After a 6-hour surgery, her children were there to break the news to her: “Hey, Mom, you lived!” The story is illuminating because it shows how tough and pragmatic she could be—and how resilient, too. She survived that long and very risky surgery, beating overwhelmingly poor odds.
When she severely fractured her ankle two years ago, her children thought that was it, too. But, four surgeries later, she came back again.
As time went on and she became less mobile, Charlotte lived for the visits made to her at Daughters of Israel. From the grandchildren, for sure. But also from Joel, who traveled often from Florida, from Larry who frequently popped in throughout the week as a constant, and from Howie, driving in from Long Island. The parade of visitors, including children-in-law and grandchildren-in-law, may have been something other less-fortunate residents may have envied.
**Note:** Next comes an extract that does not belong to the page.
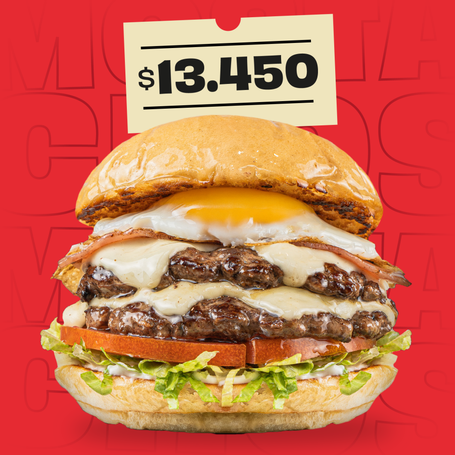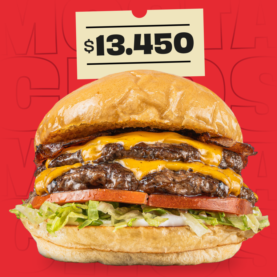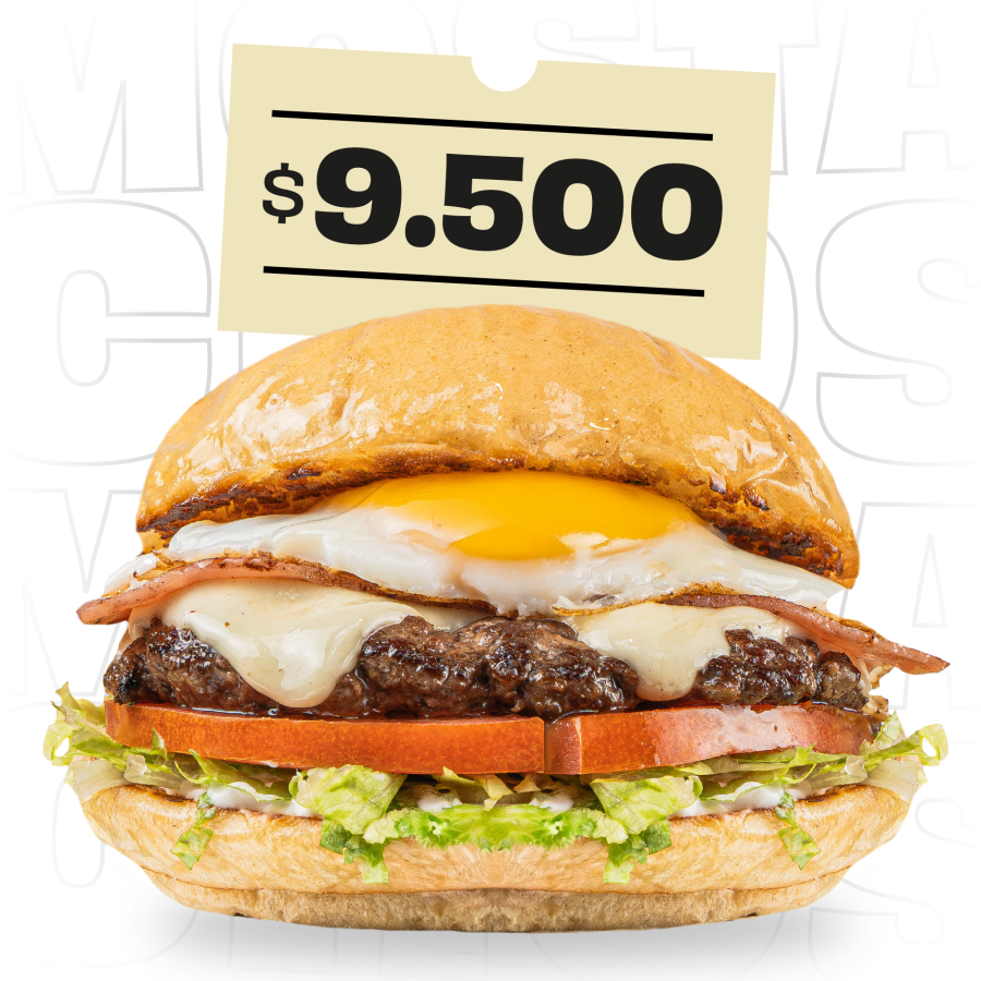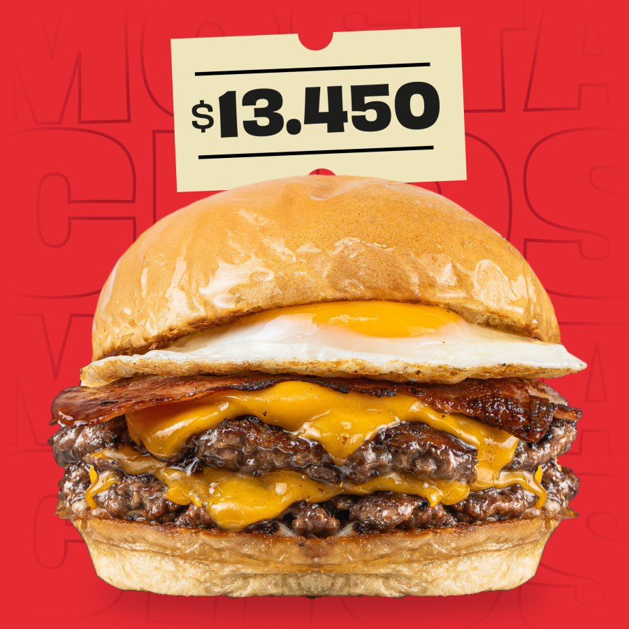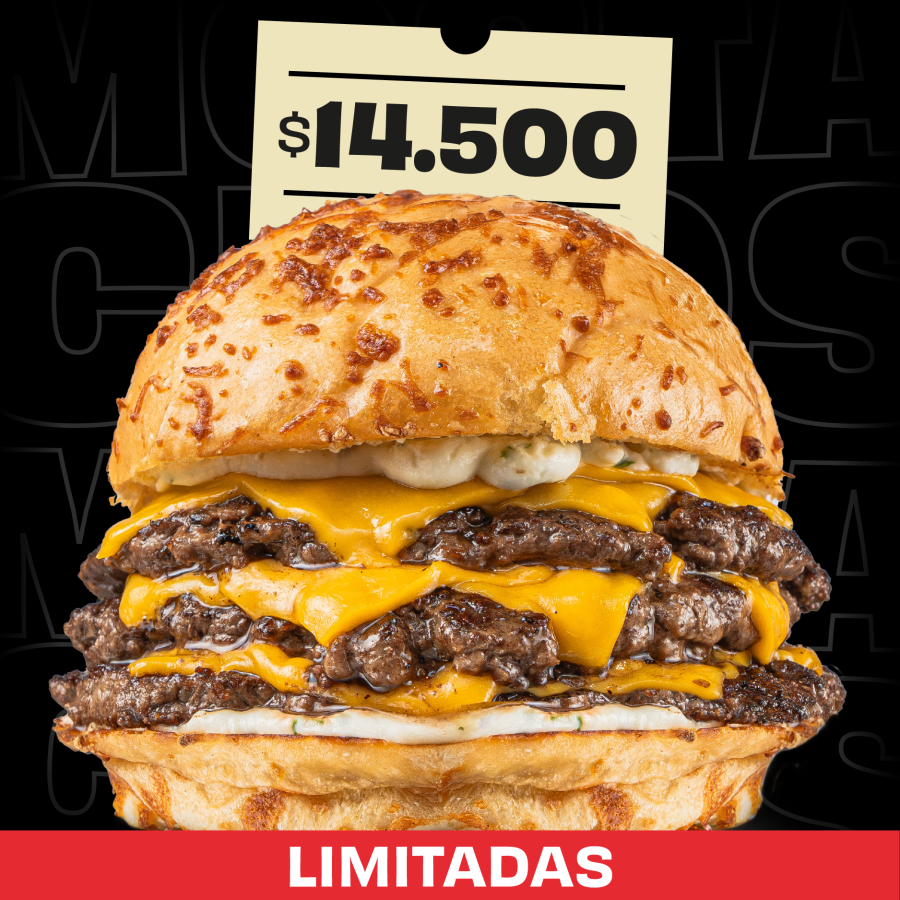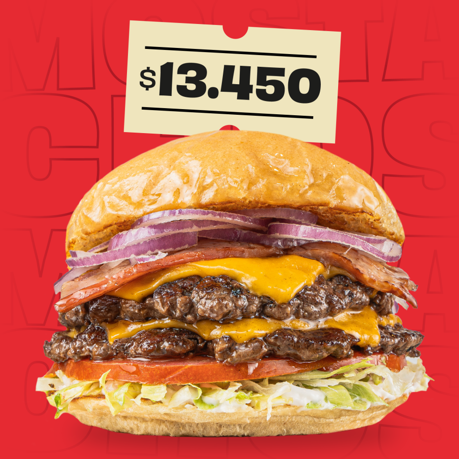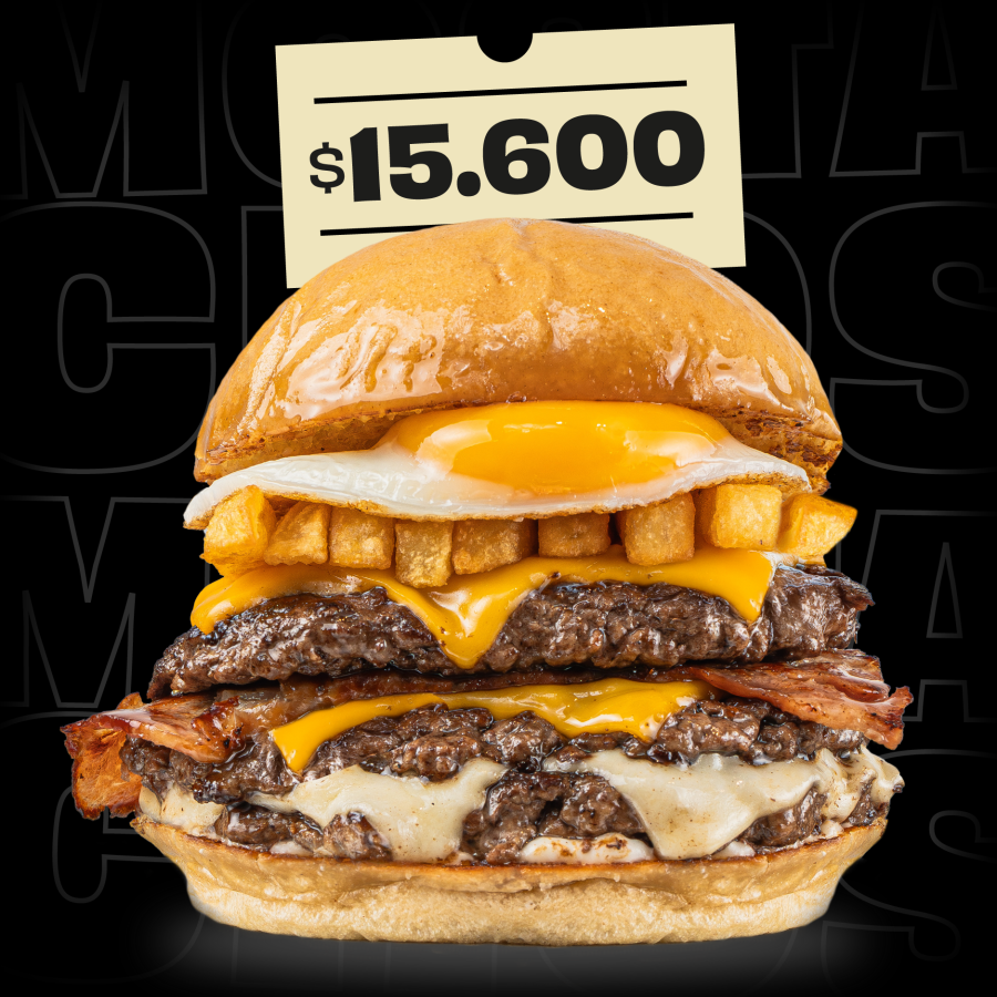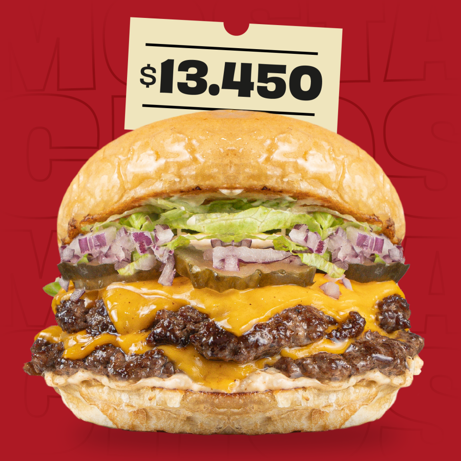 Pan tyuks de queso, Salsita mostachos, x3 Medallón de 90gs smasheado, Cheddar x6, Papas McCain!

At the end of the day, though, it was Joy who carried the primary responsibility of Charlotte’s day-to-day life in the last decade. It wasn’t easy for her. Like many mother-daughter relationships, theirs was complicated, and Charlotte’s appreciation wasn’t always apparent. But Joy’s siblings always knew, and often let others know, how lucky they were to have her at the helm of the efforts—along with her husband, Marv, who in more than 40 years of marriage has always provided his unwavering support.
Charlotte was a complicated person. She could be difficult. In the end, though, she should be remembered as someone who fiercely loved her family and completely adored her grandchildren, as a creative artist, and as a terrific cook. Probably it’ll be the food that’s remembered the most—and, of course the good memories that accompanied those many, many meals.
Most recently, she couldn’t seem to get enough of telling all the members of her family how much she loved them. And they, in turn, are so happy that she went peacefully—after a long, full life—just the way she wanted to.
And, here, Howie adds a final little story. In his words:
This past week, Joel had the flu. He struggled to get here. I spoke to him twice, and he sounded terrible. On Friday night, he told me about his plans to take Nyquil and spray with Afrin to prepare for the flight. I got off the phone—and, after a moment, I had to smile when the thought occurred to me of what my mother would tell him, the thing she told all of us when we were legitimately sick and didn’t want to go to school. She would say, “You’ll hit the fresh air—you’ll feel better.” We could be nauseous, throwing up, have 101 fever—didn’t matter: Off we’d go. Thinking about that made me laugh—and I know that we all hope that Mom is now in the magical fresh air, and that she feels much, much better.